However, in the U.S., AbbVie’s foslevodopa-foscarbidopa combination hit a snag with the FDA, which cited third-party manufacturer concerns. This comes after an FDA rejection last year owing to the regulators demanding more information regarding its infusion pump.

Gene therapy grabs positive safety profile to combat Parkinson’s

Meanwhile, gene therapy could be a promising therapy to combat the disease. A clinical study of American gene therapy maker AskBio’s AB-1005 met the primary endpoint of safety earlier this year. 

The Bayer-backed drug contains the human glial cell line-derived neurotrophic factor (GDNF) transgene, which allows for stable and continuous expression of GDNF – a growth factor that helps dopamine cells survive and regenerate.

The adverse events that occurred included headache, tremor, dyskinesia, arthralgia, musculoskeletal chest pain, fatigue, COVID-19, and magnetic resonance imaging (MRI) abnormalities.

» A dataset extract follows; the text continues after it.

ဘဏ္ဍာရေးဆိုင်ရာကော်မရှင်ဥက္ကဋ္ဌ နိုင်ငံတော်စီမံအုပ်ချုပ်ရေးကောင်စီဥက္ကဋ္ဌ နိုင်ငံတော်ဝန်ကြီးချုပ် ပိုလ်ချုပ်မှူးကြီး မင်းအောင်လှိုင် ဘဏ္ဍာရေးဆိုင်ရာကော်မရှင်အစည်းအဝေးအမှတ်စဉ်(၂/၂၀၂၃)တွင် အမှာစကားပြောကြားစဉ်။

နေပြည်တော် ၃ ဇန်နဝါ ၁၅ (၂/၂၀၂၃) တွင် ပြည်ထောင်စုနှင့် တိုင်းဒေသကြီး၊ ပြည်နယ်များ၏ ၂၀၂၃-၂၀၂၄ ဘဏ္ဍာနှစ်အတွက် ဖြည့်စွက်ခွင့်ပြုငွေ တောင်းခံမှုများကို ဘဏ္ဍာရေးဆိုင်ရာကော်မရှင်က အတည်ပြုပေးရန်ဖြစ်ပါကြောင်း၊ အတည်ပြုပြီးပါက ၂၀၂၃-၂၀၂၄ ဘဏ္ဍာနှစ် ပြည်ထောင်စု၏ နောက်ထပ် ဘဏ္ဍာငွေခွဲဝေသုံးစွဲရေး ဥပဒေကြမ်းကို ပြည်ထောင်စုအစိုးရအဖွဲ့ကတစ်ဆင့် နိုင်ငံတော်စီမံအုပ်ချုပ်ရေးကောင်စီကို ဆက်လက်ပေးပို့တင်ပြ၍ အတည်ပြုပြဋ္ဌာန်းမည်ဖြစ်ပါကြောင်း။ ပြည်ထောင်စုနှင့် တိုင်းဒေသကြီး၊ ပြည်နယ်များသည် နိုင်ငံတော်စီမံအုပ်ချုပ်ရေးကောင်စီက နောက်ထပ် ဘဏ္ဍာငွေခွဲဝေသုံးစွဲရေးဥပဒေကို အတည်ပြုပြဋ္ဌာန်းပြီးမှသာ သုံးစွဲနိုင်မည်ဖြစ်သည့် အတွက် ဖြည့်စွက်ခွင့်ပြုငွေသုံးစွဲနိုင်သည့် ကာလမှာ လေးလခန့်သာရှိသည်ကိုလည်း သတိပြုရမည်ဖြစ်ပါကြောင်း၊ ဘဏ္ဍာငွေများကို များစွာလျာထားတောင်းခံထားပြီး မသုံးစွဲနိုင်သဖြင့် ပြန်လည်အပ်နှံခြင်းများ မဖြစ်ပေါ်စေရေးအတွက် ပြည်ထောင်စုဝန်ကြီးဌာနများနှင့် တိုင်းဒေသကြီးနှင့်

As no serious side effects were observed, a phase 2 trial for the U.S., EU, and U.K. will begin soon.

A few years ago, a study published by researchers at University of California, San Francisco and The Ohio State University in 2021, studied how gene therapy could address a deficiency of aromatic L-amino acid decarboxylase (AADC) – a rare genetic disorder characterized by insufficient synthesis of dopamine and serotonin.

The trial, which investigated the safety and efficacy of viral vector expressing AADC, showed that participants – seven children – who underwent the therapy had an increased dopamine metabolism, and oculogyric crises – a condition characterized by spasmodic movements of the eyeballs, and is sometimes expressed in Parkinson’s disease and parkinsonism – was resolved. Thereby, gene delivery for AADC deficiency was gathered to be efficacious in enhancing motor functions, indicating its potential for the treatment of Parkinson’s.

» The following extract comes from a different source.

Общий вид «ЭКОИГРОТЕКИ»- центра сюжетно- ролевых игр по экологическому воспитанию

A trial conducted last year has uncovered more information about how targeting certain metabolic activity in the brain could make a difference for people with the neurodegenerative condition.

Research by Haukeland University Hospital led by Charalampos Tzoulis, professor at the University of Bergen, has shown that the oral intake of nicotinamide riboside (NR) enhances NAD-metabolism in individuals with Parkinson’s disease, and offers encouraging insight into its therapeutic potential.

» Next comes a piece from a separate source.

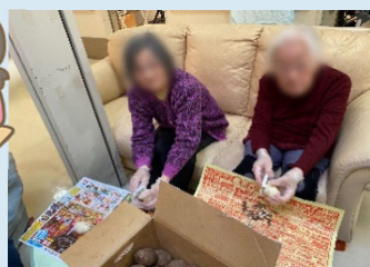
手を止めてパチリ！●●子さまと●子さま。

Titled the NADPARK study, the trial was conducted to establish whether the metabolism of NAD – a metabolite responsible for maintaining cellular stability which is deficient in Parkinson’s patients – can be boosted in the brain of people with Parkinson’s disease, by ingesting NR, which is an NAD-precursor.

“We believe that augmenting the brain’s NAD metabolism targets and rectifies multiple disease-related processes specific to Parkinson’s disease, such as mitochondrial dysfunction, DNA damage, epigenetic dysregulation, and neuroinflammation. In addition, we postulate that NAD-replenishment may also optimize neuronal metabolism and fortify neurons, thereby rendering them more resilient against age-related stress and neurodegenerative diseases,” said Tzoulis.

Tzoulis expressed that the results are “highly encouraging” adding that it nominates NR as a “potential neuroprotective therapy for Parkinson’s disease, warranting further investigation in larger trials.”

To further understand the extent of NAD replenishment therapy to modulate the progression of Parkinson’s disease, an ongoing follow-up phase II NOPARK study is being conducted. According to Tzoulis, if the trial is successful, it would be a step towards the development of a regulated drug for the indication of Parkinson’s disease.

“There are currently no treatments able to delay or arrest the progression of Parkinson’s disease. Thus, affected persons face a future of progressive disability and early death. If NAD-replenishment proves to have neuroprotective, disease-modifying action in Parkinson’s disease, this would revolutionize the field, offering for the first time, hope for an improved prognosis and perhaps, even a cure,” said Tzoulis.

“The impact of such a therapy would be profound for patients, science, and society as a whole.”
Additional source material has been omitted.